PROBLEM REQUIREMENTS: Reproduce the entries beneath exactly, without their images.

Data entries:

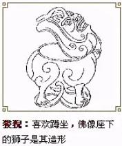 烟火渺袅显威严相传这种佛座上装饰的狻猊是随着佛教在汉代由印度人传入中国的,至南北朝时期,我国的佛教艺术上已普遍使用,这种造型经过我国民间艺人的创造,使其具有中国的传统气派,后来成了龙子的老五,它布置的地方多是在结跏趺坐或交脚而坐的佛菩萨像前。明清之际的石狮或铜狮颈下项圈中间的龙形装饰物也是狻猊的形象,它使守卫大门的中国传统门狮更为睁崃威武。
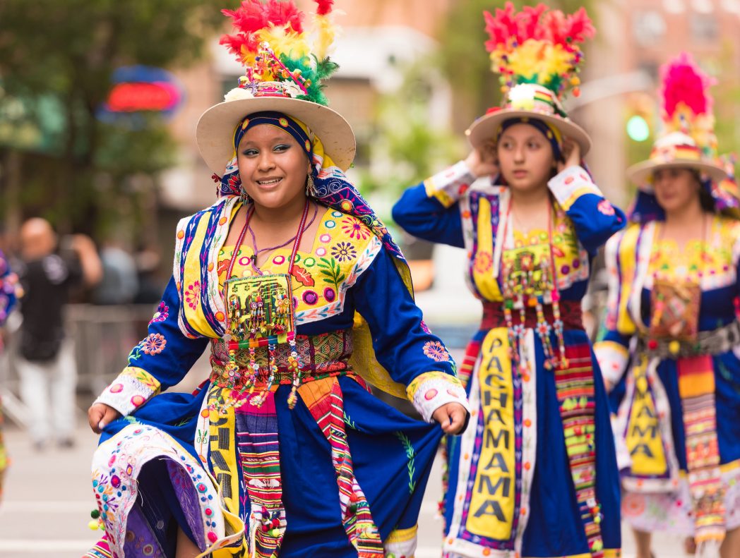 La calle estaba rebosante de bailarines concentrados en sus quehaceres previos, ajustando arreglos a sus trajes tornasolados, marfiles telas o simplemente conversando entre ellos. En tan solo una calle vimos caporales bolivianos con brillantes trajes de tonalidades primarias, enaguas, sombreros, algunas bailarinas chinas de elegantes vestimentas de seda, bailarines de Hip-Hop, una comparsa y muchos niños bailarines de sonrisas ansiosas acompañados de sus padres. Como aún faltaban unos quince minutos para el comienzo, nos desviamos por Broadway, que era la ruta principal del desfile, y buscamos una buena ubicación que encontramos frente a la heladería Venchi casi en la esquina de la 17th y de Union Square. Ya había mucha gente esperando en las barreras de contención, preparando sus cámaras o conversando entre ellos con alegría contagiosa y fraterna. Es fácil conversar con un neoyorkino, más aún en este tipo de celebraciones. Otras personas iban y venían abstraídas en la urgencia de una cita, paseando a sus mascotas, concentrados en sus teléfonos o quizás también buscaban un buen lugar para disfrutar del espectáculo.
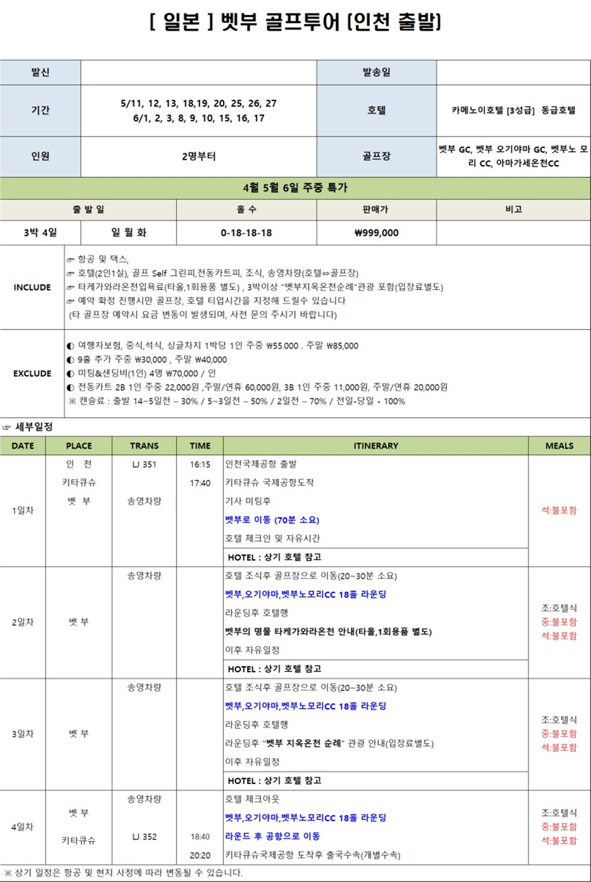 ⛳️골프스케쥴(3박4일) : 0-18-18-18
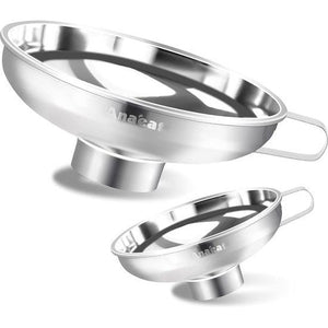 Veilig en duurzaam: de roestvrijstalen trechterset met brede hals bestaat uit professioneel materiaal dat geschikt is voor levensmiddelen, dat corrosiebestendig is, niet buigt, niet bekrast en niet lekt. BPA-vrij, koud- en hittebestendig. Met zijn robuuste, duurzame en moeilijk te breken materiaal kun je vertrouwen op de kwaliteit van ons product. Ontwerp met brede mond en handgreepringen: de Anaeat brede hals trechter is ideaal voor het overbrengen van grote voedselverpakkingen in weckpotten. Het maakt snelle overdracht, tijdbesparing en gemak mogelijk. Het ontwerp van de handgreep zorgt voor comfort voor dagelijks gebruik en opslag, het helpt je bij het overbrengen van hete vloeistof niet te verbranden en helpt je om het evenwicht te bewaren. Het is gemakkelijk op te bergen en kan aan een haak worden opgehangen. Veelzijdig inzetbaar: de set van (10 cm en 14 cm) roestvrijstalen brede hals trechters is perfect geschikt voor de overdracht van vloeibare en droge ingrediënten, met name tussen containers, om lekken op het werkblad te voorkomen. Geschikt voor fruitjam, specerijen, granen, bonen, suiker, poeder, havermout, soepen en andere toepassingen.
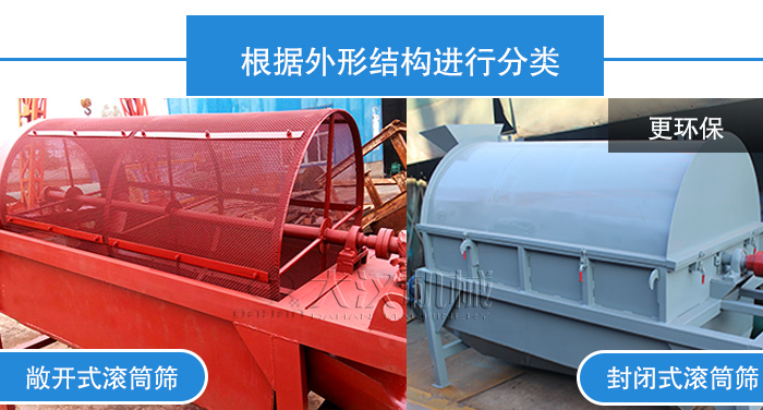 可以分為封閉式滾筒篩與敞開式(籠式滾筒篩),封閉式的滾筒篩可以保護周圍環(huán)境的干凈,同時也可以保護篩分的物料不受外界環(huán)境的影響。
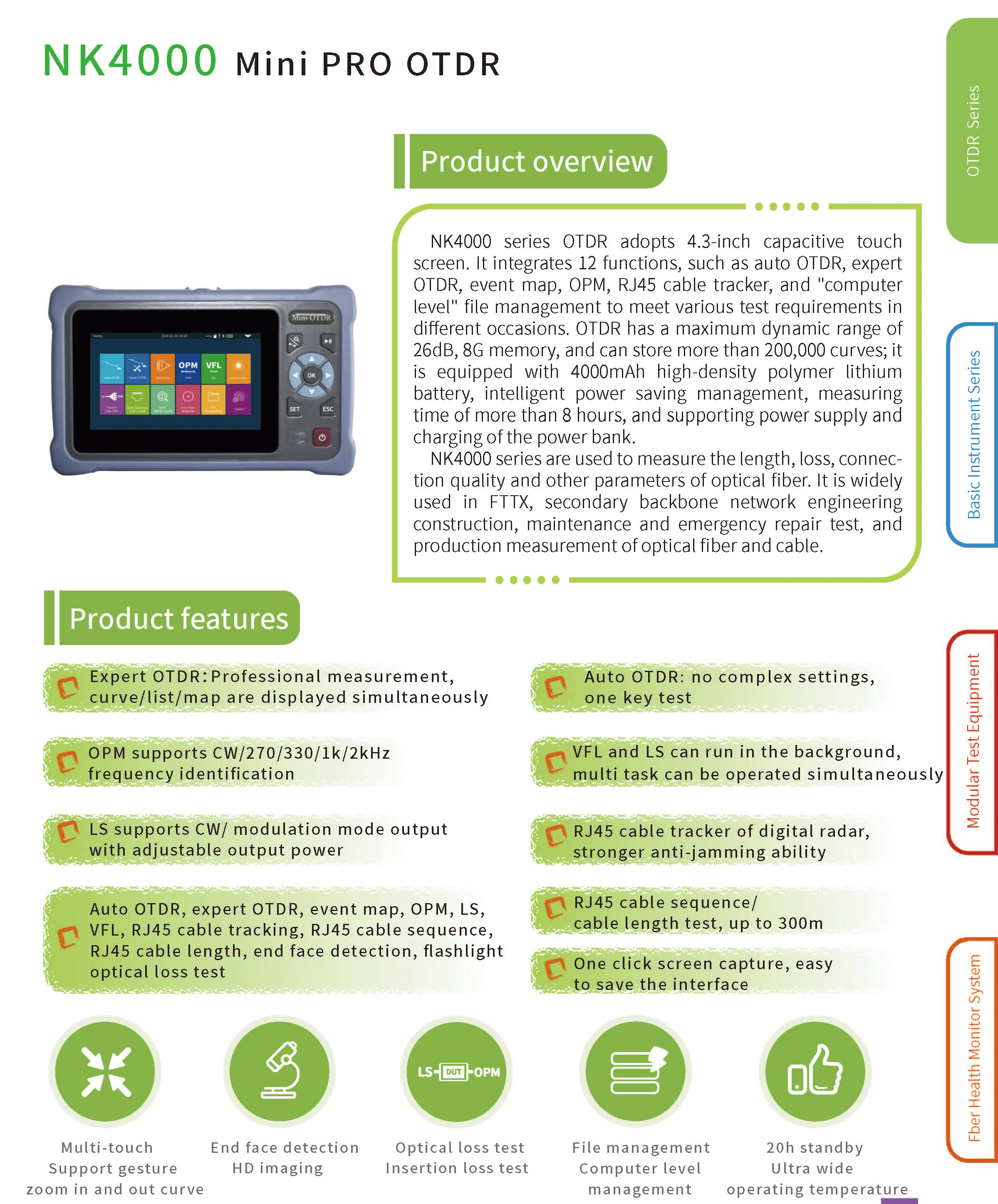 Product Name: NK4000 Mini OTDR with 1310/1550nm 60KM Range Handheld Event Map FC SC Adapter

WRITTEN ANSWER:
 烟火渺袅显威严相传这种佛座上装饰的狻猊是随着佛教在汉代由印度人传入中国的,至南北朝时期,我国的佛教艺术上已普遍使用,这种造型经过我国民间艺人的创造,使其具有中国的传统气派,后来成了龙子的老五,它布置的地方多是在结跏趺坐或交脚而坐的佛菩萨像前。明清之际的石狮或铜狮颈下项圈中间的龙形装饰物也是狻猊的形象,它使守卫大门的中国传统门狮更为睁崃威武。
 La calle estaba rebosante de bailarines concentrados en sus quehaceres previos, ajustando arreglos a sus trajes tornasolados, marfiles telas o simplemente conversando entre ellos. En tan solo una calle vimos caporales bolivianos con brillantes trajes de tonalidades primarias, enaguas, sombreros, algunas bailarinas chinas de elegantes vestimentas de seda, bailarines de Hip-Hop, una comparsa y muchos niños bailarines de sonrisas ansiosas acompañados de sus padres. Como aún faltaban unos quince minutos para el comienzo, nos desviamos por Broadway, que era la ruta principal del desfile, y buscamos una buena ubicación que encontramos frente a la heladería Venchi casi en la esquina de la 17th y de Union Square. Ya había mucha gente esperando en las barreras de contención, preparando sus cámaras o conversando entre ellos con alegría contagiosa y fraterna. Es fácil conversar con un neoyorkino, más aún en este tipo de celebraciones. Otras personas iban y venían abstraídas en la urgencia de una cita, paseando a sus mascotas, concentrados en sus teléfonos o quizás también buscaban un buen lugar para disfrutar del espectáculo.
 ⛳️골프스케쥴(3박4일) : 0-18-18-18
 Veilig en duurzaam: de roestvrijstalen trechterset met brede hals bestaat uit professioneel materiaal dat geschikt is voor levensmiddelen, dat corrosiebestendig is, niet buigt, niet bekrast en niet lekt. BPA-vrij, koud- en hittebestendig. Met zijn robuuste, duurzame en moeilijk te breken materiaal kun je vertrouwen op de kwaliteit van ons product. Ontwerp met brede mond en handgreepringen: de Anaeat brede hals trechter is ideaal voor het overbrengen van grote voedselverpakkingen in weckpotten. Het maakt snelle overdracht, tijdbesparing en gemak mogelijk. Het ontwerp van de handgreep zorgt voor comfort voor dagelijks gebruik en opslag, het helpt je bij het overbrengen van hete vloeistof niet te verbranden en helpt je om het evenwicht te bewaren. Het is gemakkelijk op te bergen en kan aan een haak worden opgehangen. Veelzijdig inzetbaar: de set van (10 cm en 14 cm) roestvrijstalen brede hals trechters is perfect geschikt voor de overdracht van vloeibare en droge ingrediënten, met name tussen containers, om lekken op het werkblad te voorkomen. Geschikt voor fruitjam, specerijen, granen, bonen, suiker, poeder, havermout, soepen en andere toepassingen.
 可以分為封閉式滾筒篩與敞開式(籠式滾筒篩),封閉式的滾筒篩可以保護周圍環(huán)境的干凈,同時也可以保護篩分的物料不受外界環(huán)境的影響。
 Product Name: NK4000 Mini OTDR with 1310/1550nm 60KM Range Handheld Event Map FC SC Adapter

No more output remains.